Lyrically, they’ve gone full mythic. Wars, faith, freedom, fate—it’s all here, dressed up in robes and glowing symbols. But instead of feeling pretentious, it often lands with a kind of sincere naiveté. They believe this stuff, or at least they play it like they do. And even when they overreach, it’s more interesting than staying safe. The Battle at Garden’s Gate isn’t about subtlety. It’s about big, loud, bleeding-heart rock music delivered with the unfiltered confidence of a band who still thinks they can change the world by hitting a high note.

Choice Tracks

Heat Above

Opens like the beginning of a holy rite, all organ haze and wide-open sky. Then the drums hit and you’re lifted straight into a hymn for the disillusioned. Josh’s falsetto is borderline operatic, and the band floats behind him like they’re playing on clouds made of vinyl.

Broken Bells

The closest they get to vulnerable, which in Greta terms means slowing down just enough to let the melancholy seep in.
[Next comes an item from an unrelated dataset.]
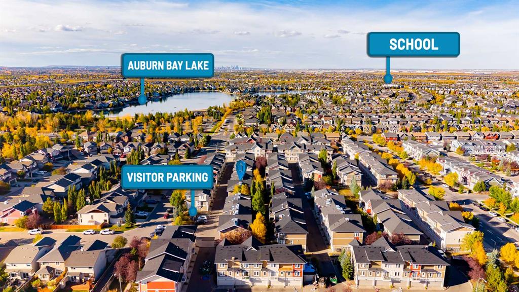 Welcome to this charming 1-bedroom, 1-bathroom end-unit townhouse in the desirable Auburn Bay community of Southeast Calgary. With its bright and open layout, this home is perfect for first-time buyers, downsizers, or investors looking for a well-maintained property in a vibrant lakeside neighbourhood. Step inside to a spacious living room flooded with natural light from the additional end-unit windows, creating a warm and inviting atmosphere for relaxing or entertaining. The galley-style kitchen features 41-inch high cabinets, granite countertops, and stainless steel appliances, providing both style and functionality. Enjoy your meals in the adjacent dining area or take the party outside to your private balcony, complete with a BBQ gas line rough-in, ideal for summer cookouts. The home offers cork and tile flooring throughout the main living areas for durability and easy maintenance, while the bedroom is cozy and carpeted, offering comfort and quiet. The 4-piece bathroom boasts a functional layout and full-sized laundry with convenient access from both the bedroom and the main living area. Storage is never an issue, with plenty of closets throughout, a storage room under the stairs, and additional space downstairs with direct access to the single attached garage. Modern conveniences include air conditioning, and the interior has been freshly painted throughout for a bright, move-in-ready feel. Major updates include a new roof installed in 2025 and a new garage door, providing peace of mind and long-term value. Being an end unit means more natural light and extra privacy, while the building is well maintained with low condo fees, making this a smart and affordable choice. Living in Auburn Bay offers an unbeatable lifestyle. Enjoy 4-season lake access with walking paths, parks, playgrounds, and a vibrant community feel. The area is also conveniently located near shopping, restaurants, schools, and major roadways for easy commuting throughout Calgary. This townhouse combines style, comfort, and convenience in a sought-after lakeside community. With recent updates, abundant storage, and a bright, open layout, it’s a move-in-ready home you’ll love. Don’t miss the opportunity to make this Auburn Bay gem yours!

It builds like a sunrise, all patience and pain. The guitar solo doesn’t scream—it aches. A rare moment of restraint, and it lands hard.

My Way, Soon

One of the few barn burners here. Less mysticism, more “get in the van and drive.” The lyrics read like a mission statement, and the riff bounces like it’s been cooped up too long. A reminder that they can still boogie when they want to.

Stardust Chords

Maybe the most psychedelic they get on this one. The groove shuffles, the guitars swirl, and the whole thing feels like it’s wearing embroidered bell-bottoms. There’s something playful buried under all the haze.

The Weight of Dreams

The epic closer, clocking in at eight minutes of pure, sprawling excess. It’s packed with solos, tempo shifts, and enough bombast to power a stadium light show. It’s too much—and that’s kind of the point. They’re showing off, and they know it.


Greta Van Fleet may still wear their influences like vintage jackets, but The Battle at Garden’s Gate proves they’re learning how to tailor their own. It’s earnest, dramatic, a little ridiculous—and absolutely not boring.